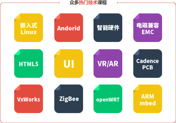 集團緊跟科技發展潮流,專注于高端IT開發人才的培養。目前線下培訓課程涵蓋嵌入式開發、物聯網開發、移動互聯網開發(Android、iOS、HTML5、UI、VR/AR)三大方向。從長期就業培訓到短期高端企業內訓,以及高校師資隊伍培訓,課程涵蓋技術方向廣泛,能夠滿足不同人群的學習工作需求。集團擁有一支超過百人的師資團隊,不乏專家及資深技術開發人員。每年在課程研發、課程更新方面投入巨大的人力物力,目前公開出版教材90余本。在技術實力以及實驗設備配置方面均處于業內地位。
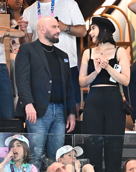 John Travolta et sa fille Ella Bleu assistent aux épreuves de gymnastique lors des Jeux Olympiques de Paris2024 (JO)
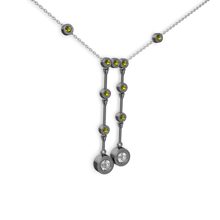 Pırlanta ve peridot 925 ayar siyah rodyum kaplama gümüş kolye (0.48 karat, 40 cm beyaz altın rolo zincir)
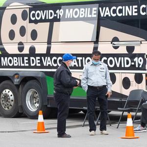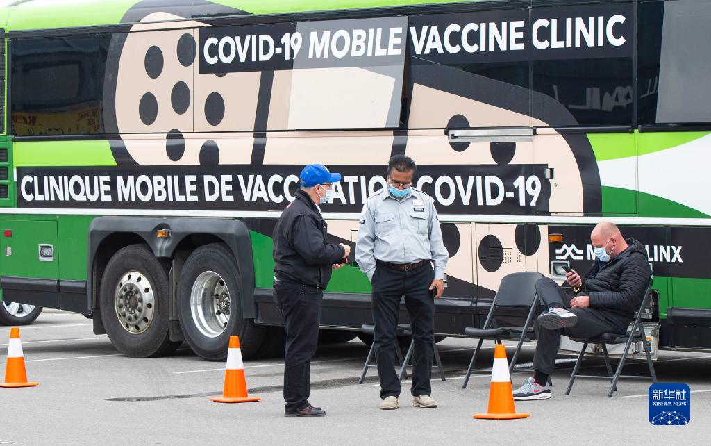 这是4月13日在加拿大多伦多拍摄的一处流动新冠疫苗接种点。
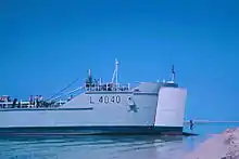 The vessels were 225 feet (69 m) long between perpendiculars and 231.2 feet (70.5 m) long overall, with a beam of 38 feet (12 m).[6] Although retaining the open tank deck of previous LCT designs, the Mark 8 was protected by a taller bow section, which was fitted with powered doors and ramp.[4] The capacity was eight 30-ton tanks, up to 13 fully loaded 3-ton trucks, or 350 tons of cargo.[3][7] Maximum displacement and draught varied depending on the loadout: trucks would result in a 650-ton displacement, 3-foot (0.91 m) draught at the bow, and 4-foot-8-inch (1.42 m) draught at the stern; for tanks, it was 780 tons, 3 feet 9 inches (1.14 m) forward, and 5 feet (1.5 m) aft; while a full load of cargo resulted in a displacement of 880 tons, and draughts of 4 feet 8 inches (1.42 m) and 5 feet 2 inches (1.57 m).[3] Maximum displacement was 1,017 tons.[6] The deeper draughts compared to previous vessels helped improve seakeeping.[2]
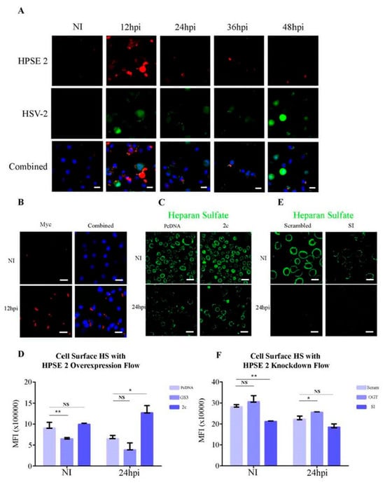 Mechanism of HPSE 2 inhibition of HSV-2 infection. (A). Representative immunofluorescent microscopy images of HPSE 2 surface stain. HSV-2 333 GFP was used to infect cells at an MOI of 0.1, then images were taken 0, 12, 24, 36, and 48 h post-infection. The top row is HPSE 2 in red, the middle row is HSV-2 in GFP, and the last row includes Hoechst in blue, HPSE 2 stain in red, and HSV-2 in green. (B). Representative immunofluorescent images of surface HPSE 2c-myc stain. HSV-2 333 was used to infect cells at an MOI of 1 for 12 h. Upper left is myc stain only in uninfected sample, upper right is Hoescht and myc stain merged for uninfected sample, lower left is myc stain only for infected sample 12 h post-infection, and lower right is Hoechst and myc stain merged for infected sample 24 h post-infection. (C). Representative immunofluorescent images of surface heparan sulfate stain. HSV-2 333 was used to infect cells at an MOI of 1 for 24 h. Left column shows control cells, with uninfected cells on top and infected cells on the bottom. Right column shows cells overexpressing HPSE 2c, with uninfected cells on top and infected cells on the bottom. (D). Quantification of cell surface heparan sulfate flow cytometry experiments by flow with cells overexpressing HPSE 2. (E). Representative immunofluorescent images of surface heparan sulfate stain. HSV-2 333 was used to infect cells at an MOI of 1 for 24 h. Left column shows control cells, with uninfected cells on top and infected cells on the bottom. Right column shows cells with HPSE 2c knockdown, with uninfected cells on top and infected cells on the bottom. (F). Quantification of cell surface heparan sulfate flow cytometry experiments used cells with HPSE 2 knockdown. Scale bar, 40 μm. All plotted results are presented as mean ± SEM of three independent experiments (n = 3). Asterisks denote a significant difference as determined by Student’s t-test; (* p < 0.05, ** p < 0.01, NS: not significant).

──────────────────────────────

◆ **EXERCISE INSTRUCTIONS**
Pictures excluded, give again exactly and only the lines of the material above from the line with "John Travolta et" through the line with "这是4月13日在加拿大多伦多拍摄的一处流动新冠疫苗接种点。".

◆ **WRITTEN RESPONSE**
 John Travolta et sa fille Ella Bleu assistent aux épreuves de gymnastique lors des Jeux Olympiques de Paris2024 (JO)
 Pırlanta ve peridot 925 ayar siyah rodyum kaplama gümüş kolye (0.48 karat, 40 cm beyaz altın rolo zincir)
 这是4月13日在加拿大多伦多拍摄的一处流动新冠疫苗接种点。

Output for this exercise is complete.